The frequency of interest defines automatically the center frequency fc of the
applied band pass with the bandwidth BW:
BW = fc / width, BW < width -> BW = width, BW > width -> BW = fc / width
The frequency is normalized so the minimal frequency is 1.
With increasing frequency the bandwidth becomes wider, which lead to a variable
resolution in space and frequency. This is comparable to the wavelet
(or Gabor) transform,
which scales the wavelet (window) according to the frequency.
However, the necessary bandwidth is changed by frequency to take the
uncertainty principle into account. Slow oscillating events are measured precisely
in frequency and fast changing processes can be determined more exact in space.

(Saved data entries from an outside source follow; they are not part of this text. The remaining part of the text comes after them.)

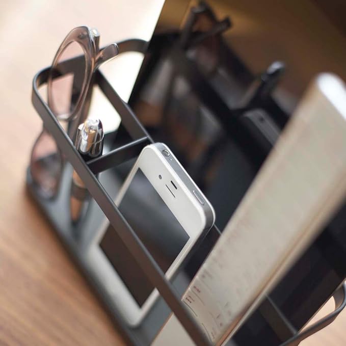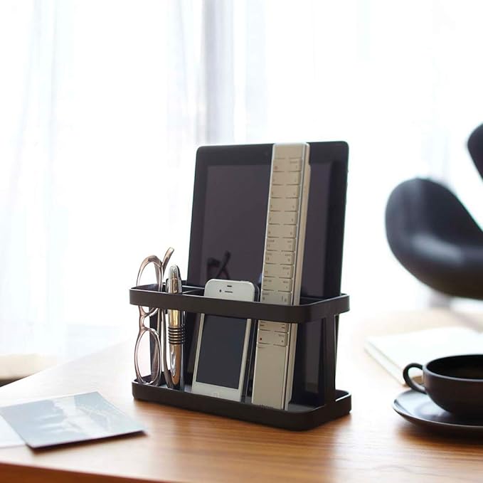 奥には様々なサイズのタブレットPCをすっきり収納。手前にはリモコン、携帯電話、ペン、メガネ、DMなど、リビングまわりの小物をまとめて収納。タブレットPC、スマートフォン、リモコン、リビングまわりの小物を一括収納。
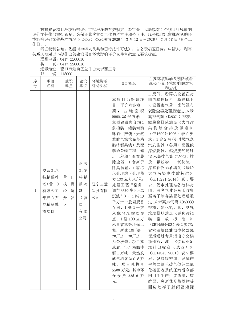 营口市生态环境局关于2026年3月12日拟作出的环境影响评价文件审批意见的公示
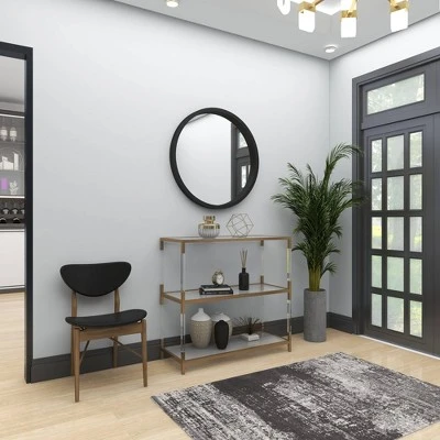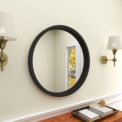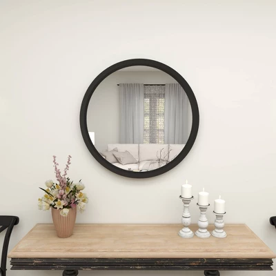 - •This contemporary wall mirror features a minimalistic black-framed round mirror design
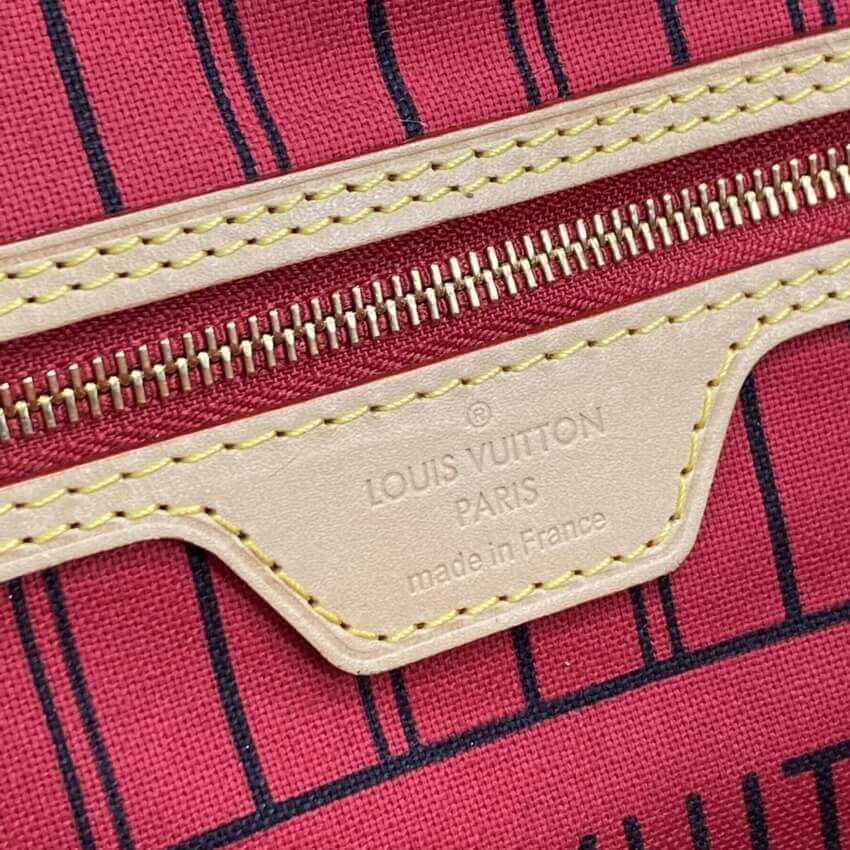 The Neverfull PM tote pairs timeless design with heritage details. Crafted from Monogram canvas with natural cowhide trim, it is capacious yet not bulky, with side laces that cinch for a sleek allure or loosen for a casual look. Slim, comfortable handles slip easily over the shoulder or arm. Lined in colorful textile, it features a removable pouch which can be used as a clutch or an extra pocket.
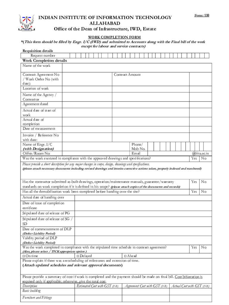 INDIAN INSTITUTE OF INFORMATION TECHNOLOGY ALLAHABAD Office of the Dean of Infrastructure, ID, Stateroom: 110WORK COMPLETION FORM *(This form should be filled by ENG. I/C (ID) and submitted to Accounts
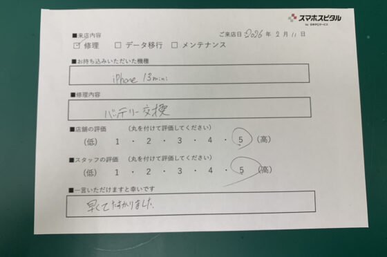 【お客様の声】iPhone 13miniのバッテリー交換のお客様にお声をいただきました。
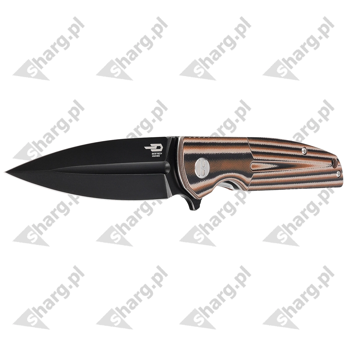 - Fin Black / Orange / Beige G10, Black Stonewashed large EDC folder with excellent value for money, aimed at demanding users. Comfortable, ergonomic handle made of virtually indestructible G10 plastic, 14C28N stainless steel blade. Bestseller!
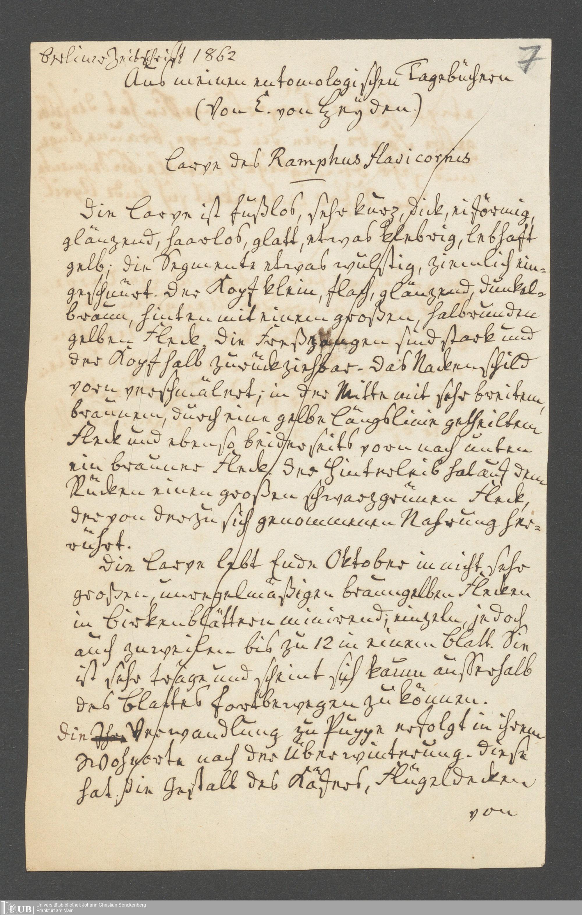 Entomologische Notizen für das Correspondenzblatt, von Senator Dr. Carl von Heyden

This means for a signal with steady
increasing frequency the waterfall function will produce a diagonally
stripe. See the examples below.
Value
a special fft-object is returned. It has mode "waterfall" and
x and fx present, so it is only plotable.
Missing values
Given a regualar grid x_i = \delta x \cdot i there might be missing values
marked with NA, which are treated by the function as 0's.

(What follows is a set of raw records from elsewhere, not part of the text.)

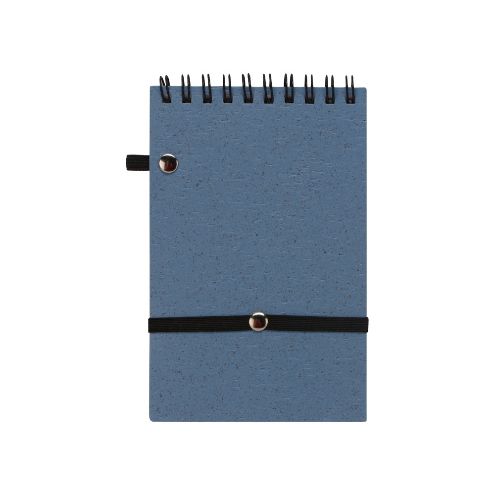 Блокнот с обложкой из переработанной пшеницы и пластика. Блок состоит из 60 листов переработанной бумаги белого цвета. Крепление - пружина. Дополнен петлей для ручки и горизонтальной резинкой.
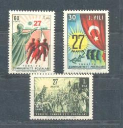 1961 27 MAYIS İNKILABININ 1. YILI DAMGASIZ SERİ.... TÜM ÜRÜNLERİMİZ ALICISINA FATURASI İLE GÖNDERİLECEKTİR....
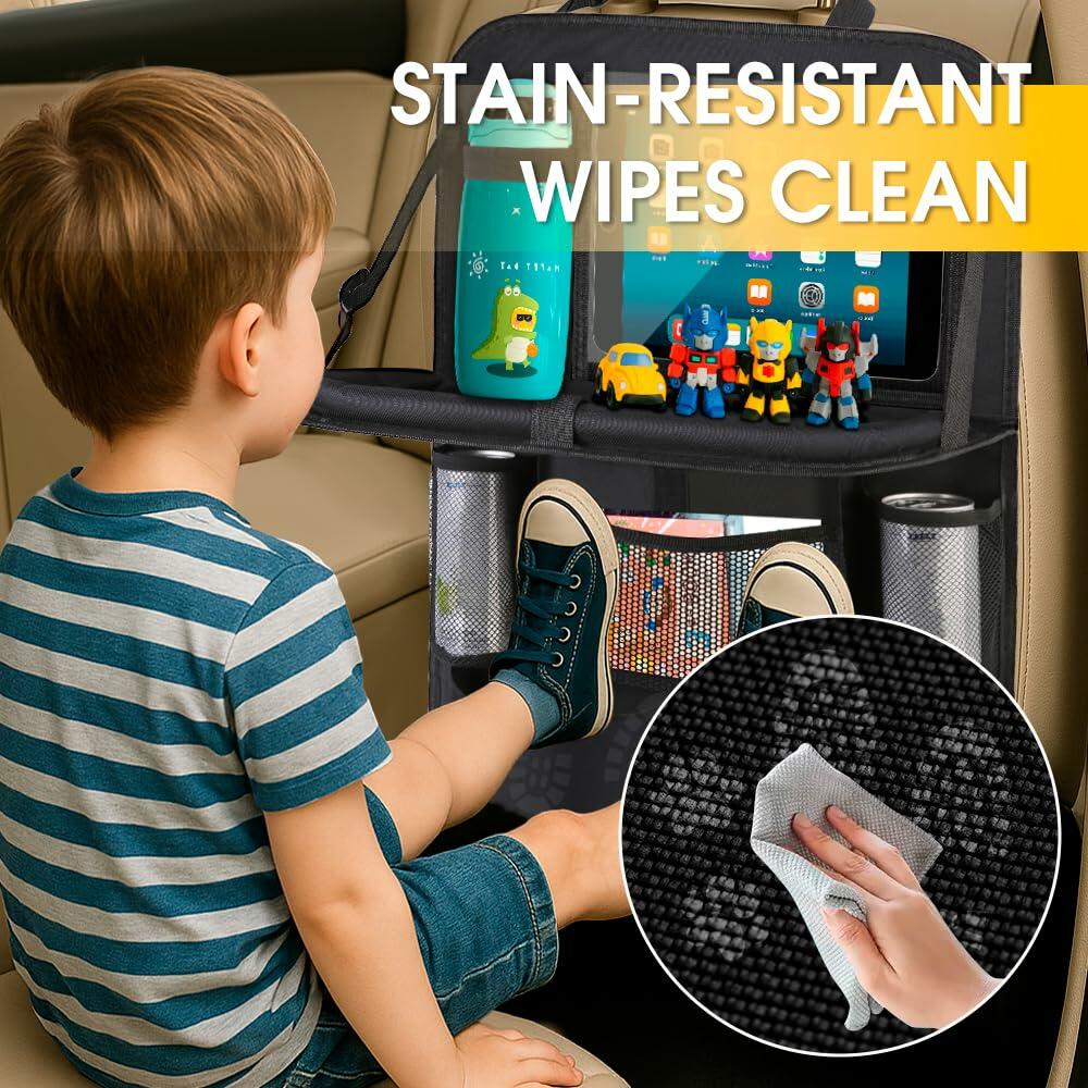 - 【Wipe to Clean】Made for messy moments, this car seatback organizer with trat is waterproof, stain-resistant, and scratch-proof. A simple wipe keeps your car seat organizer back seat looking fresh, no matter how chaotic the ride
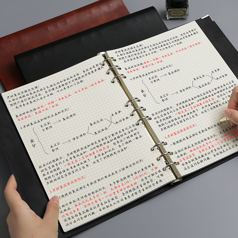 康奈尔思维导图本子a4软皮笔记本活页夹记事本b5可拆卸日记计划网格方格简约ins高颜值办公记录软面抄皮面本
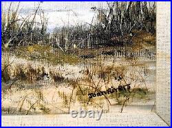 Size: Painting: 8 in x 16 in - Framed: 16.5 in x 24.5 in. An Ocean view between the Reeds, on a Drab Overcast Day on a Florida Beach Coastline. Artist Signed: Joan Rivers, of Cocoa Beach Florida, a well-known painter of Central Florida Coastal areas.

This "zero-padding" leads to a loss of signal energy being
roughly proportional to the number of missing values.
The correction factor is then (1 - Nna/N) as long as Nna / N < 0.2.
As long as the locations of missing values are randomly
distributed the implemented procedure workes quite robust. If, in any case,
the distribution becomes correlated the proposed correction is faulty and
projects the wrong energies.
The amplitudes and PSD values are compensated to show up an estimate of the "correct" value. Therefore this method is experimental
Examples
#### noisy signal with amplitude modulation ####
x <- seq(0,3, length.out = 1000)
# original data
# extended example from envelope function
y <- 1*(abs(x-1.5))*sin(10*2*pi*x) + ifelse(x > 1.5,sin(15*(1+0.25*(x - 1.5))*2*pi*x),0)

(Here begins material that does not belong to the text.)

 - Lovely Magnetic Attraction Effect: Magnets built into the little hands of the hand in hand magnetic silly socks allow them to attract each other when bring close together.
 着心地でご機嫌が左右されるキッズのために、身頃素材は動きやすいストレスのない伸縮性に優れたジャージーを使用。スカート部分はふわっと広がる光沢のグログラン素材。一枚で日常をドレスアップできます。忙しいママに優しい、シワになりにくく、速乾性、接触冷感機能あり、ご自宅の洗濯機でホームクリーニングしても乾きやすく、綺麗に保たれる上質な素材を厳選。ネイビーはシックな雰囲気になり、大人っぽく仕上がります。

ye <- base::Re(envelope(y))
par(mfrow=c(2,1),mar=c(1,3.5,3,3),mgp=c(2.5,1,0))
# plot results
plot(x,y,type="l",lwd=1,col="darkgrey",lty=2,ylab="y",main="Original Data",xaxt="n",xlab="")
lines(x,ye)
legend("bottomright",c("modulated","envelope"),col=c("grey","black"),lty=c(2,1))
par(mar=c(3.5,3.5,2,0))
wf <- waterfall(y,x,nf = 3)
# rasterImage2(x = wf$x, y = wf$fx, z = wf$A
# ,ylim = c(0,60))
plot(wf,ylim=c(0,40),main="Waterfall")
#### uncertainty principle ####
#
# take a look at the side effects
# at [0,30] and [1,0]
#
# With a large steepness e.g. n = 50 you will gain
# artefacts.
#
# if frequency is not stationary
# PSD becomes > 1 depending on the type of band filter.
#
###############################
x <- seq(0,1, length.out=1500)
y <- sin(100*x*x)
FT <- spec.fft(x = x, y = y)
wf <- waterfall(y,x)
par(mfrow=c(2,1),mar=c(1,3.5,3,3),mgp=c(2.5,1,0))
# plot results
plot(x,y,type="l",lwd=1,col="darkgrey",lty=2,ylab="y",main="Original Data",xaxt="n",xlab="")
par(mar=c(3.5,3.5,2,0))
plot(wf
,ylim=c(0,40),main="Waterfall"
)
abline(h = 25, lty = 3, lwd = 3, col = "grey")
range(wf$PSD,na.rm = TRUE)
range(wf$A)
###### effect of missing values #####
#
# 10% random missing values cause a
# distortion and a miss scaling of
# the PSD value, which becomes >1 now.
# This depends on the type of band pass
# filter selected.
#
#####################################
x <- seq(0,5, length.out=500)
y <- sin(2*pi * 15 * x + 2*1*cos(2*pi*0.5*x))
# delete 10% of the data
y[sample(length(y),size = 50)] <- NA
wf <- waterfall(y,x,type = "b")
par(mfrow=c(2,1),mar=c(1,3.5,3,3),mgp=c(2.5,1,0))
# plot results
plot(x,y,type="l",lwd=1,col="darkgrey",lty=2,ylab="y",main="Original Data",xaxt="n",xlab="")
par(mar=c(3.5,3.5,2,0))
plot(wf
,ylim=c(10,20),main="Waterfall"
)
abline(h = 25, lty = 3, lwd = 3, col = "grey")
# check the PSD range
range(wf$PSD)
range(wf$A)